What Is Parental Alienation
Parental alienation is a strategy where one parent intentionally tells the child negative things about the other parent or keeps the child from the other parent. The purpose of this strategy is to damage the child’s relationship with the other parent and to turn the child’s emotions against that other parent.
Although parental alienation is very common, many alienated parents do not know what to do. They don’t want to make the alienation worse.
Here are five things to NOT do if you are an alienated parent:
1. Don’t Retaliate With Alienation
While it may be tempting to combat fire with fire, retaliating with similar alienation tactics is not the solution. It only serves to escalate the conflict and cause further harm to the child. It is essential to remember that the child’s well-being should be the paramount concern, and mirroring the destructive behavior of the alienating parent does not serve this purpose.

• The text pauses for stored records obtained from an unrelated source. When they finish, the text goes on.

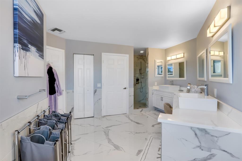 This one will not last!! Beautiful, fully renovated 5 bedrooms, 3 bath, pool home, with almost $200K in recent upgrades! Step inside to the freshly painted main floor which is an open concept layout that includes a formal living area, formal dining area, eat in kitchen, family room, laundry room, one bedroom and one full bath. You will notice a modern style kitchen, with new white quartz counter tops, energy efficient stainless-steel appliances, 32 inches porcelain tiles, new custom window treatments, and stairway. You will also notice that the popcorn has been removed, and that there are new lightings, fans, baseboards, and chandelier. In addition, all the shower doors are custom made. Upstairs you have new floors and quartz in bathrooms.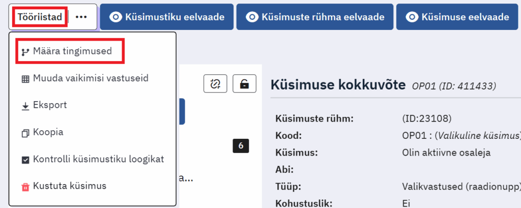 Kasutades Tingimus lahtrit küsimuse seadete lehel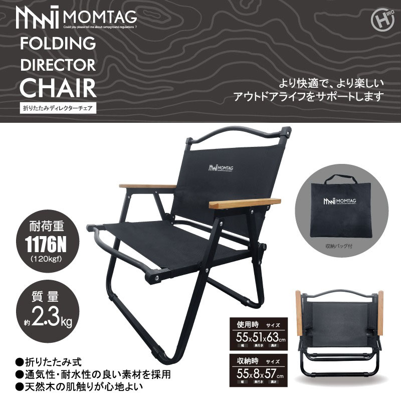 - 【ふるさと納税】【MOMTAG】折りたたみディレクターチェア 1脚 収納バッグ付き 約2.3kg 折りたたみ式 椅子 イス チェア いす 通気性 耐水性 天然木 福岡県北九州市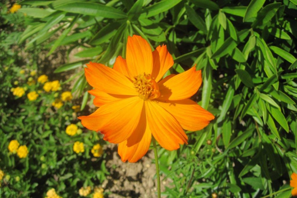 Other beauties were Cosmos sulphureus, with its bright orange flower, the bold Hesperaloe parviflora, the red yucca, which is robustly cold tolerant despite its tropical good looks and the triffid-like Helianthus salicifolius.

2. Don’t Slander The Alienating Parent In Front Of The Child
Despite the frustration and pain you may feel, it’s important to refrain from criticizing or demeaning the alienating parent in front of the child. This could backfire and further push the child away. It could also confuse the child, who might feel torn between their loyalty to the alienating parent and their desire to reconnect with you.
3. Don’t Give Up On Your Child
It can be heart-wrenching to be continuously rejected by your child. However, no matter how bleak the situation may seem, giving up should not be an option. Your child, manipulated by the alienating parent, may push you away, but it’s critical to remain available and express your unconditional love regularly.
4. Don’t Ignore Legal And Therapeutic Assistance
Attempting to navigate through parental alienation without professional help can be overwhelming and unproductive. Ignoring the need for legal counsel and therapeutic support is a grave mistake. Legal professionals can guide you on your rights and possible recourse, while therapists can provide crucial emotional support and coping strategies.
5. Don’t React Impulsively
Reacting out of hurt or anger can worsen the situation. It’s crucial to avoid impulsive actions like arguing with the child, violating custody orders, or making major decisions without proper legal advice. Always remember your actions can profoundly impact the child and the course of your relationship with them.
Sometimes You Have To
Although giving up on your child is not preferred or recommended, we know many bio parents who do give up fighting for their own mental health. They aren’t giving up on the child, they are giving up fighting the parent doing the alienation. Sometimes you have to wave the white flag and hope that when the child gets old enough, they will reach out to you and the relationship can start to heal.